How red teams emulate these in BFSI engagements
A credible BFSI red team engagement reproduces a named adversary's technique chain end-to-end against the controls in place — not a generic checklist. AxVeil typically scopes an adversary simulation for banks and fintechs along three operator profiles drawn from this article:
- FIN7 / FIN11 profile — phishing-led intrusion (T1566.001 + T1204.002) escalating to LSASS dump (T1003.001), lateral RDP (T1021.001) to a payment-card or treasury workstation, and exfil over web service (T1567) of a synthetic cardholder dataset.
- Lazarus / Carbanak profile — supply-chain or watering-hole initial access (T1195 / T1189), long-dwell beaconing over HTTPS (T1071.001) with encrypted channel (T1573), and eventual manipulation (T1565) or simulated transfer initiation against SWIFT alliance staging.
- Cobalt Group profile — public-facing exploit (T1190) on an external service, CobaltStrike implant with malleable profile, internal recon (T1018 + T1087), and ATM-switch / card-management lateral movement under change-window cover.
The deliverable is a per-technique outcome — detected / partially detected / undetected — mapped against the SOC's existing analytics, with a Sigma or Splunk SPL rule for every undetected technique. For sectoral context on how this differs from a routine penetration test, see our BFSI sector page.

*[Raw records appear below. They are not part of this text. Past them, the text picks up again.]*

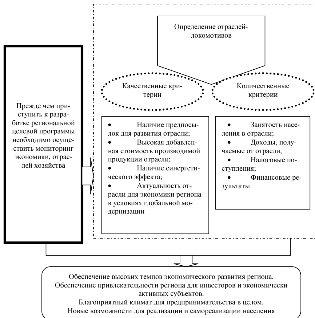
Рисунок 2. Механизм выбора приоритетных отраслей в рамках регионального развития 2

При выборе отраслей, локомотивов региональной экономики, должны быть разработаны количественные и качественные критерии выбора. Они в своей совокупности должны быть нацелены на достижение поставленных целей, среди которых, помимо общеизвестных и приоритетных, немаловажную роль должны играть создание новых возможностей для реализации и самореализации населения. И здесь в целях наиболее эффективного достижения поставленных задач необходимо как раз привлечение муниципальных органов власти к разработке и последующей реализации программ развития приоритетных отраслей.
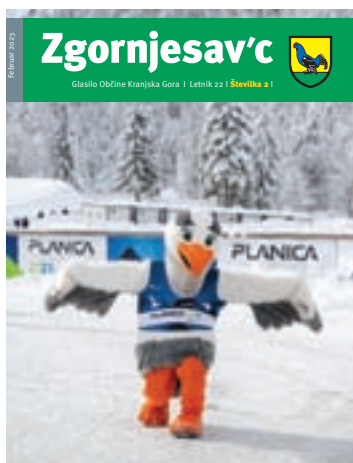
Na naslovnici: Vita, maskota FIS svetovnega prvenstva v nordijskem smučanju Planica 2023
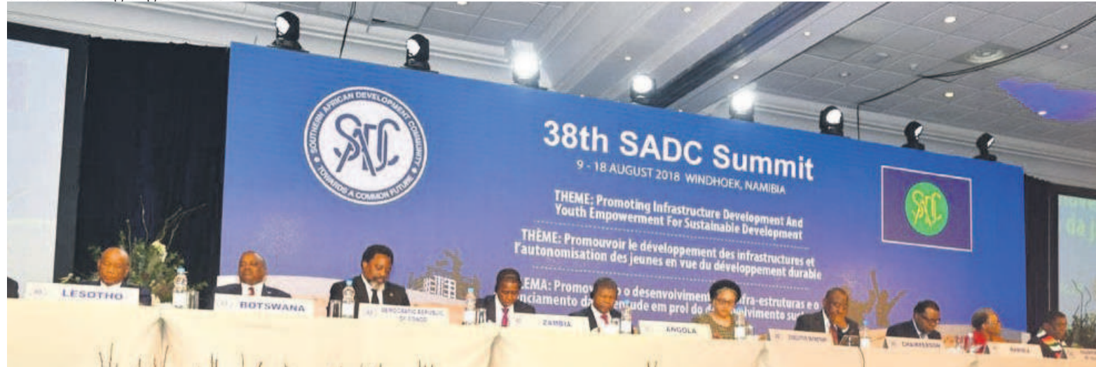
La tribune du 38e sommet de la SADC

années d'exercice du pouvoir. Les dividendes engrangés en termes
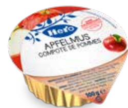
Apfelmus 120 Becher à 100g Art.-Nr. 2351.140

Closing — what to do next week
If you are a CISO or head of security at a bank, NBFC, fintech, or payment processor and you read this far, three concrete actions for the next thirty days. First, take the 30 techniques in this article and produce a one-page detection-coverage matrix for your SOC: detected, partial, or undetected, with the underlying analytic name and platform for each. Second, commission a time-boxed adversary-emulation exercise — six to eight weeks against one of the three operator profiles above — and use the matrix as both the input scoping document and the output report card. Third, embed the resulting Sigma / SPL / KQL rules into change-control so they survive analyst turnover. The detection latency you measure in that exercise is the same latency that will play out in the real incident; close the gap before it costs you the front-page headline.